Information.
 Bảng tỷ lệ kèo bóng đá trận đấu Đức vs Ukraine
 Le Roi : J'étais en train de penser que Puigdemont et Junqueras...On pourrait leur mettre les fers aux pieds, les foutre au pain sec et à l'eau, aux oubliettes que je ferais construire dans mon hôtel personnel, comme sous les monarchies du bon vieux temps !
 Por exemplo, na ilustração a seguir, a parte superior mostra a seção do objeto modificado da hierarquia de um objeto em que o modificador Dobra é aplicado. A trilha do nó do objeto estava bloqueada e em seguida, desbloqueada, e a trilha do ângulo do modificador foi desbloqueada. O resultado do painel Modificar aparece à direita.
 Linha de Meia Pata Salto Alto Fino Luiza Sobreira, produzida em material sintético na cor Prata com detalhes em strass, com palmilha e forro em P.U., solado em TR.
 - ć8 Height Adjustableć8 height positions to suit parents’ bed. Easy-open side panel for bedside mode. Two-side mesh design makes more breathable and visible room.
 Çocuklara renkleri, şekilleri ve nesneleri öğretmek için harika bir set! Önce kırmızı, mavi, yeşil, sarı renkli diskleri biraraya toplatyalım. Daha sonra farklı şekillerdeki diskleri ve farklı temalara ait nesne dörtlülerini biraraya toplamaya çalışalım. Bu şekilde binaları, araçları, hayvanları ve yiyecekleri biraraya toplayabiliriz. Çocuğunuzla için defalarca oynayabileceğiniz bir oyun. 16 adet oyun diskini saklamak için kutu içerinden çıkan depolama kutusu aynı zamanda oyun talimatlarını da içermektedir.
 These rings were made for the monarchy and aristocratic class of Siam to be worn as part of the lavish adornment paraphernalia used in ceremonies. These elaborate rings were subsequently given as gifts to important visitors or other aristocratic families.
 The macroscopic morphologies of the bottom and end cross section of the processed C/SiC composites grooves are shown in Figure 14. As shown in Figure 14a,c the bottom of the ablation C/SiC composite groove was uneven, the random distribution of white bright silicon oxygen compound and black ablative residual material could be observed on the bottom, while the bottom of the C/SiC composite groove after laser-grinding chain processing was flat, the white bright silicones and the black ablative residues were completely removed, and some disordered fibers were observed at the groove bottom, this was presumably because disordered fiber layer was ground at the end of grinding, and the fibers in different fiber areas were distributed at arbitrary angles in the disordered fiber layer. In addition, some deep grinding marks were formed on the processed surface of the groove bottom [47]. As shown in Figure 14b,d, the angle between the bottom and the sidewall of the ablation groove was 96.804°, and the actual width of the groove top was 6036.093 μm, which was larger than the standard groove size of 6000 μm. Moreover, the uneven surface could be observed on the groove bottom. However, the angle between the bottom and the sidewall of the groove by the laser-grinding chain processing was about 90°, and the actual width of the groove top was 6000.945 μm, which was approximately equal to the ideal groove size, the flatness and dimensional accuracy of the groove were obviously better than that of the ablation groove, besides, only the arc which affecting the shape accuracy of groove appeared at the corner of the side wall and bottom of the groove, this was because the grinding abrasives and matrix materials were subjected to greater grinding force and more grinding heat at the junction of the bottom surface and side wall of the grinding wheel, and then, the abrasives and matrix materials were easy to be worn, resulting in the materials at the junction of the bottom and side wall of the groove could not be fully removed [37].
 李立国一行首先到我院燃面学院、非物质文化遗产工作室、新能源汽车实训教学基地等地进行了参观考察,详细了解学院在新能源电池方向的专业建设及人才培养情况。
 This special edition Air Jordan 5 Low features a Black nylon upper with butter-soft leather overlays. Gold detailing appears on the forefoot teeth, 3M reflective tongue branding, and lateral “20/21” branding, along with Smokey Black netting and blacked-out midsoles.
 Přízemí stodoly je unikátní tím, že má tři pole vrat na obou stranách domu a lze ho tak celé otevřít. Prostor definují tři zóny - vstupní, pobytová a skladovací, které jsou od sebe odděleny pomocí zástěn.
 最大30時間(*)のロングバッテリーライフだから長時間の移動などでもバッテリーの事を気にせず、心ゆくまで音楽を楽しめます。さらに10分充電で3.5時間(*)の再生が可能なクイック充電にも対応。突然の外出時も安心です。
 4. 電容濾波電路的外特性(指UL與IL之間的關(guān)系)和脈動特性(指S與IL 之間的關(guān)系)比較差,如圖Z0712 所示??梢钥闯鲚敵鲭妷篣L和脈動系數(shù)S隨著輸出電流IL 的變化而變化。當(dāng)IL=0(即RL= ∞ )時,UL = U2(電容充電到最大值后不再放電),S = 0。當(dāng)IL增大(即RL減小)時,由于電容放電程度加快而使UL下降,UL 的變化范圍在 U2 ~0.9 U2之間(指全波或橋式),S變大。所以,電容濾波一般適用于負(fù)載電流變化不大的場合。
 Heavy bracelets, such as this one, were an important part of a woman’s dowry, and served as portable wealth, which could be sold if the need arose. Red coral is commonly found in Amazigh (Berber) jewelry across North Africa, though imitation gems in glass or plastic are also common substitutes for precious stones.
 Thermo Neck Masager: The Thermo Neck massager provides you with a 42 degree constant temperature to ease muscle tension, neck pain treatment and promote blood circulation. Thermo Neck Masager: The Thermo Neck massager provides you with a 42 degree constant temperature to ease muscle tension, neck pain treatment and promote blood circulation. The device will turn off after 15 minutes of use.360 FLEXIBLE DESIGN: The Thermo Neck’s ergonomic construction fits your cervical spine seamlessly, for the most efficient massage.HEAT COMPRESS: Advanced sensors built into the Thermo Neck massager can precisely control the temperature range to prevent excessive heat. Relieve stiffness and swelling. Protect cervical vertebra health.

* * *

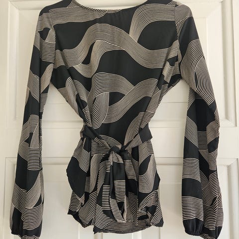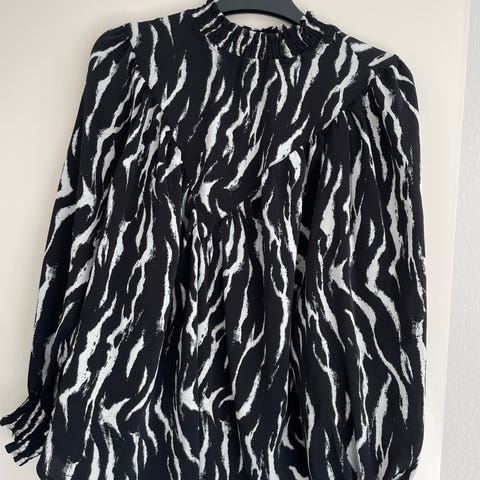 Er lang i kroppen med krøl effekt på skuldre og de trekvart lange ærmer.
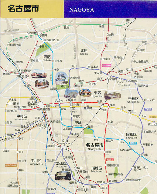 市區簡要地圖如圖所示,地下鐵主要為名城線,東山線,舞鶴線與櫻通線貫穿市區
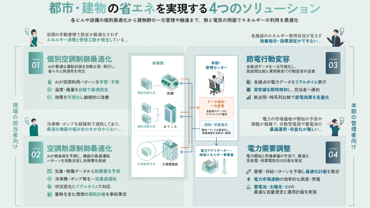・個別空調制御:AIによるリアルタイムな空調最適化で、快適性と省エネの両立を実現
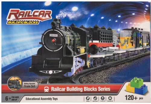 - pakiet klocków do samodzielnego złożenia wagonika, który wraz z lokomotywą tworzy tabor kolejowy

* * *

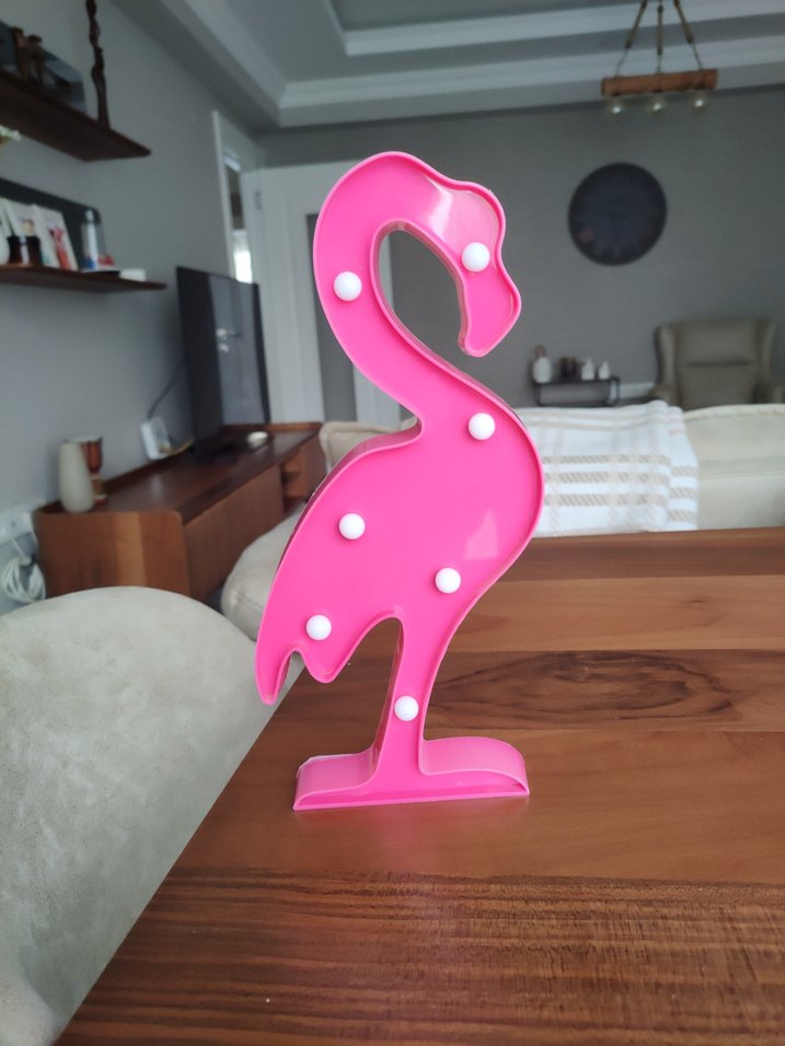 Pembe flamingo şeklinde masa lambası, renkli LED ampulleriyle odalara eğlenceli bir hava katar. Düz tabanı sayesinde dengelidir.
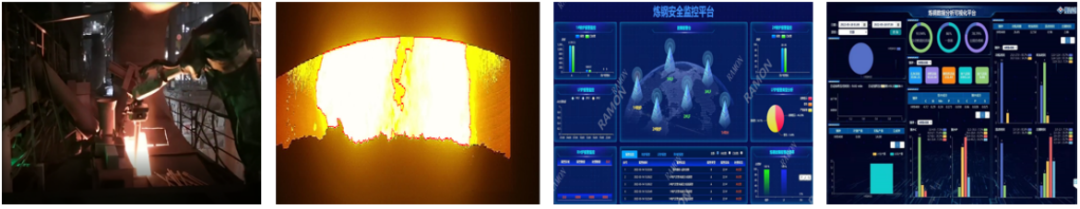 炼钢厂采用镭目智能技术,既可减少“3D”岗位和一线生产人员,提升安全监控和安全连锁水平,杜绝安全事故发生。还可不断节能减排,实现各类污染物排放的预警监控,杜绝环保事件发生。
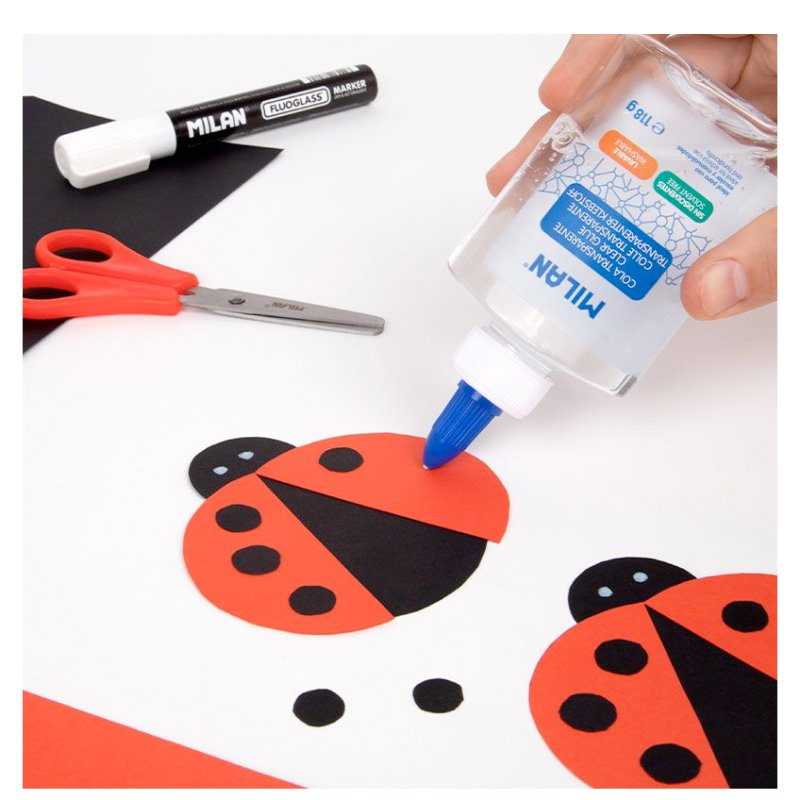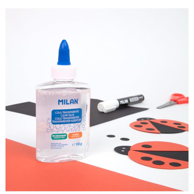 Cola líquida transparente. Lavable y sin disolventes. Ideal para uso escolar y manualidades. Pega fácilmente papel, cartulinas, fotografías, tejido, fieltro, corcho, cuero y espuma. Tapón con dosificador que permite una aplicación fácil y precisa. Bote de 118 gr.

Problem statement. Starting at the line with "This special edition" and ending at the line with "Přízemí stodoly je", print each line of the listing above exactly, with no other lines.

Response.
 This special edition Air Jordan 5 Low features a Black nylon upper with butter-soft leather overlays. Gold detailing appears on the forefoot teeth, 3M reflective tongue branding, and lateral “20/21” branding, along with Smokey Black netting and blacked-out midsoles.
 Přízemí stodoly je unikátní tím, že má tři pole vrat na obou stranách domu a lze ho tak celé otevřít. Prostor definují tři zóny - vstupní, pobytová a skladovací, které jsou od sebe odděleny pomocí zástěn.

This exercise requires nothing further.